Show More, Tell Little
Most important of all things to remember is that infographics are visual mediums. It’s almost a picture and as they say that a picture speaks a thousand words, so should the visuals on infographic and not the text on it. The very base of infographic is data visualisation and that’s why the other name for infographics is data viz.
Avoid Graphs and Charts
It may sound absurd in the first instance but give it a thought and you would agree no less. Infographics are not what graphs and pie charts are. They are way different. They are all about visual representation with much creativity involved. Let loose your imagination and employ as many design tools as possible to create an infographic. Double check before considering it to be done – how different is it from a graph or chart?
All great infographics start with a ‘start’ figure. That’s what the news is all about. Think of it as a hard hitting headline.
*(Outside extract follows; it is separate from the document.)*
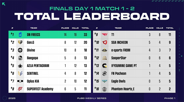 PWS 파이널 매치1과 매치2 경기를 진행한 결과, DN프릭스가 총점 33점으로 1위를 차지했고, 그 뒤를 젠지와 디바인, 배고파 등이 따라붙었다. 이날 경기는 매치6까지 진행되며, 6일 나머지 여섯 매치로 최종 순위를 가린다.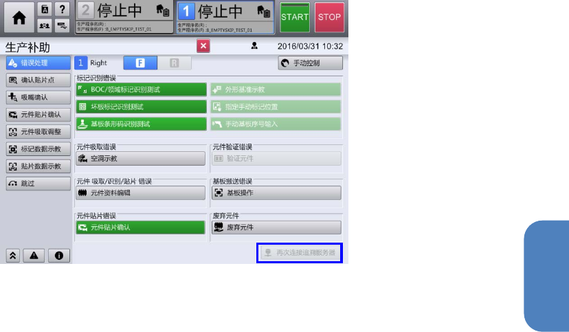 需在机器设置中重新连接服务器恢复通信。发生通信错误后,在从[顶部菜单]触摸[生产补助] -

Make it as prominent and attractive as possible. Rest of the data is like the build-up of the story. All of it is there only to tell what went into the making of the story, the path, milestones, tools, etc. One should aim that the all the supporting figures lead to the main story, the ‘star’ figure.
Another basic to remember always is, who is being targeted? If you haven’t thought of a particular target group do narrow down to one and proceed. That’s the best way. Not all visuals appeal to everybody. What would be much appreciated by one segment may not find any taker in the other segment. Once you have your TG sorted, picking designs, colours, elements and themes will be much easier.
Typography Has Its Role
No, I am not contradicting myself here. Yes, infographics is all about visualisation but the typography comes in play with titles and data. That’s another part that is sometimes missed in creativity and hence the frame looses that extra bit of polish that otherwise makes it glitter all the more.
Rule of Three
That’s a designing rule which is advised to be followed while sketching an infographic. It’s all about the colour palette that should be employed and worked within. Going wild with colours may bar the visual flow and hamper the very purpose of creating an infographic. Choosing a palette that doesn’t attack senses is a good thing to do. That’s where the rule of three helps and makes the colour selection job easy. Choose three primary colours. The lighter shades makes for the background and other two may break up the sections. If more colours are required to play with, shades of the three main colours can be used. It keeps the palette cohesive and soothing, rather than too jazzy and jarring.